De betreffende advocaat werkte sinds 2020 samen met een bedrijf dat zich toelegde op schuldhulpverlening. Tegen dat bedrijf liep een strafrechtelijk onderzoek, op verdenking van het verbod op schuldbemiddeling tegen betaling.
Handtekening
In het onderzoek doken 222 dossiers op met overeenkomsten waarin hulpzoekenden de advocaat de opdracht tot schuldbemiddeling verleenden. De advocaat heeft echter geen enkel contact gehad met de hulpzoekenden, noch heeft hij ze ooit geïdentificeerd. De overeenkomsten werden ondertekend door een medewerker van het schuldbemiddelingsbedrijf. Het bedrijf gebruikte niet alleen de handtekening van de advocaat, maar ook zijn briefpapier en zijn mailaccount. In ruil ontving de advocaat duizend euro per maand.

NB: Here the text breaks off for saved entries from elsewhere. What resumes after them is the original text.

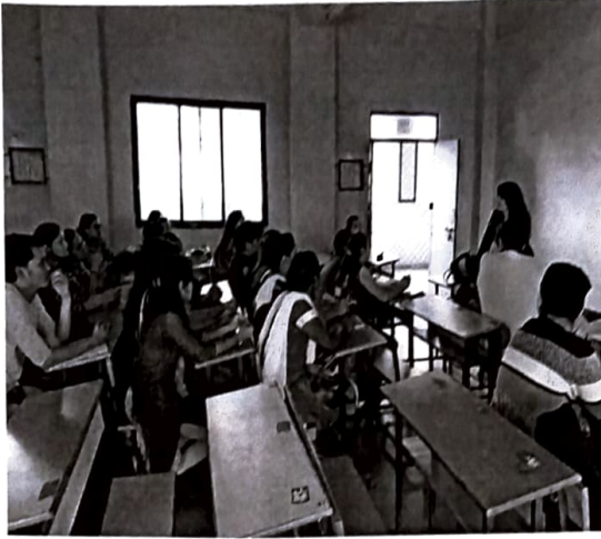
Career Guidance Seminar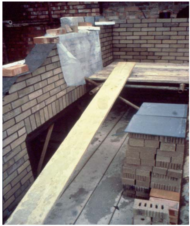
The protection of new brickwork and materials minimises damage due to saturation.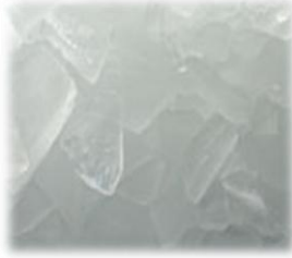
Plate ice introduction: Plate ice is a kind of irregular sheet ice with about 40×40mm~80×80mm in size, and 10 mm~15mm in thickness. The thickness can be adjusted according to ice-making time with the maximum gauge being 25mm. Plate ice is a kind of thick and transparent ice which has good air permeability and a long shelf life.

Application fields: Plate ice is usually used for ice storage systems and is also applied to concrete mixing plants, chemical plants, mines, fresh vegetables, fishing and aquatic insulations.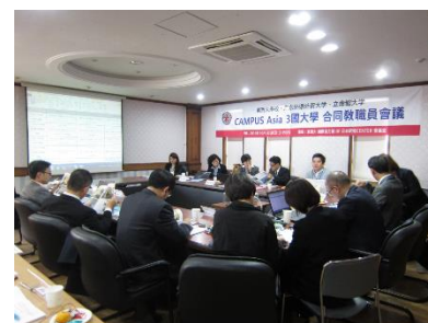
<Joint council meeting of faculty members from the three universities held in Busan, Korea>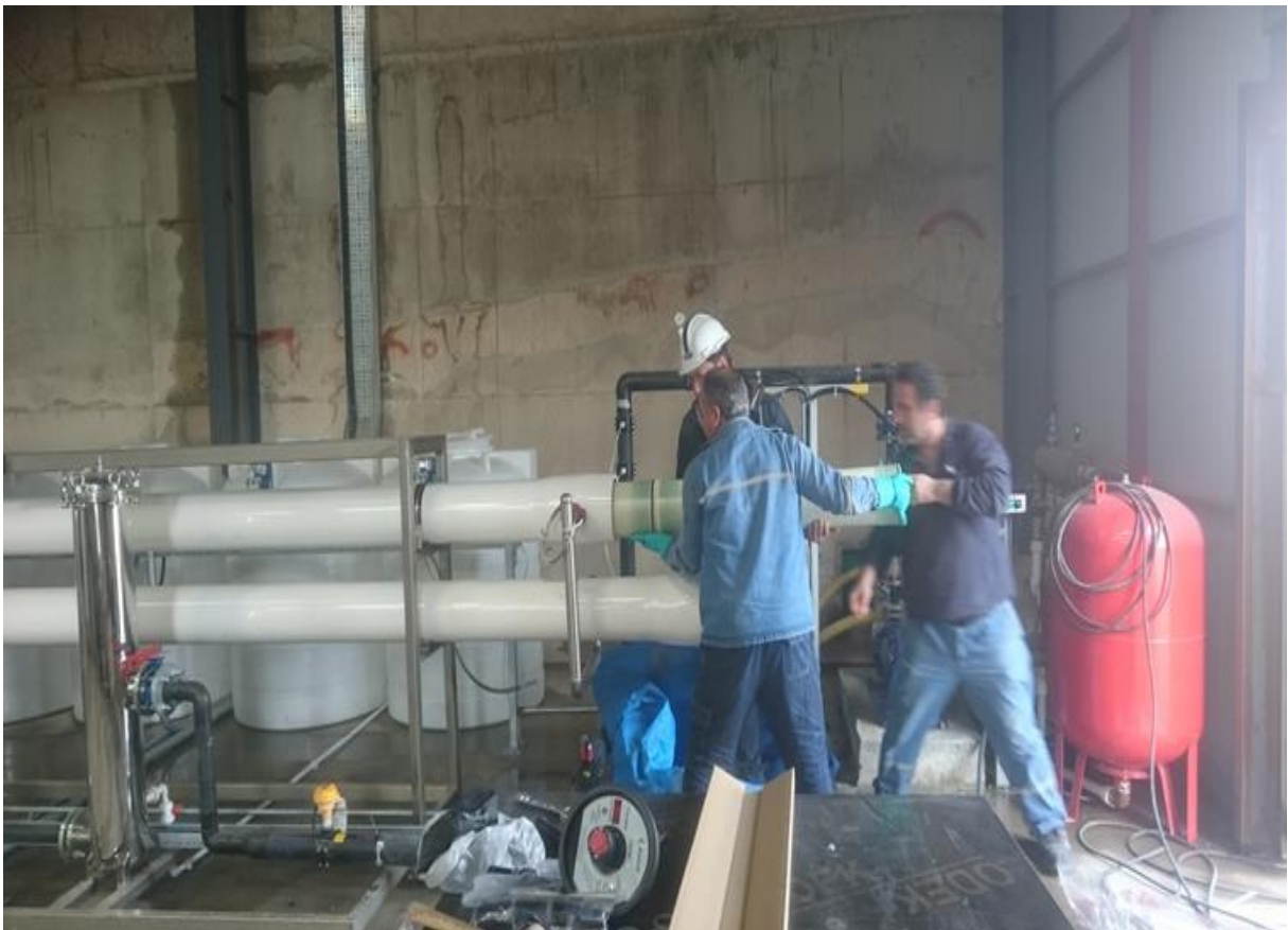
Reverse Osmosis Membrane Filter Installation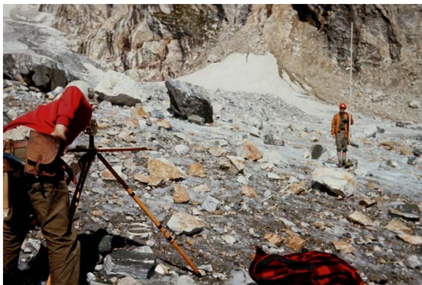
Figure 6. Reed's team surveying Teton Glacier.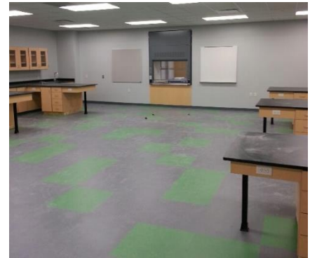
Second floor science classroom - Area A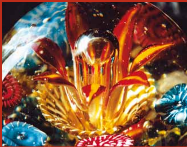
Lothar-Günther Buchheim, Paperweight, 1980s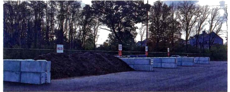
(from LEFT to RIGHT) 1) Mulch 2) Garden Residue 3) Leaves 4) Brush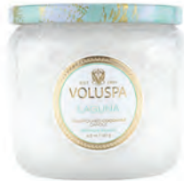
PETITE JAR #8143

Catch this wave and sink into the sensation of sunshine and Sea Salt spray. Fresh Marine gives way to shoreline mist with a gentle ripple, while garlands of Plumeria blossoms, Island Gardenia, Orange Blossom and Coconut Palms sway through the cloudless, azure sky. It's always a day at the beach.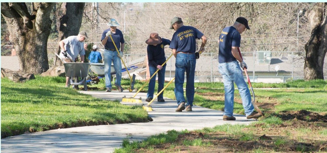
Club members working on the recreation trail in Phoenix Park.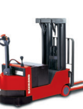
RCS 20/30/40 WALKIE COUNTERBALANCED + Short travel distances with need to stack 2-4 levels high + Wider aisle available + Ideal for smaller storage areas + Pallet storage and retrieval + Load Capacity lbs. (kg): 2000, 3000, 4000 (907, 1361, 1814)

Na klachten van (de advocaat van) enkele betrokken hulpzoekenden, diende de deken van Oost-Brabant dit voorjaar een dekenbezwaar in bij de raad. Die oordeelt dat de advocaat over een periode van meerdere jaren diverse gedragsregels, bepalingen van de Voda en kernwaarden heeft geschonden. De raad noemt de handelswijze van de advocaat ‘bijzonder kwalijk’.
Schorsing
De raad rekent het de advocaat zwaar aan dat hij ermee instemde dat anderen in zijn naam schuldbemiddelingsdossiers behandelden, terwijl hij geen weet had van de inhoud van die dossiers.
Gelet op de ernst van de overtredingen is een langdurige schorsing de enige passende maatregel, aldus de raad. De betreffende advocaat heeft zich inmiddels zelf van het tableau uitgeschreven.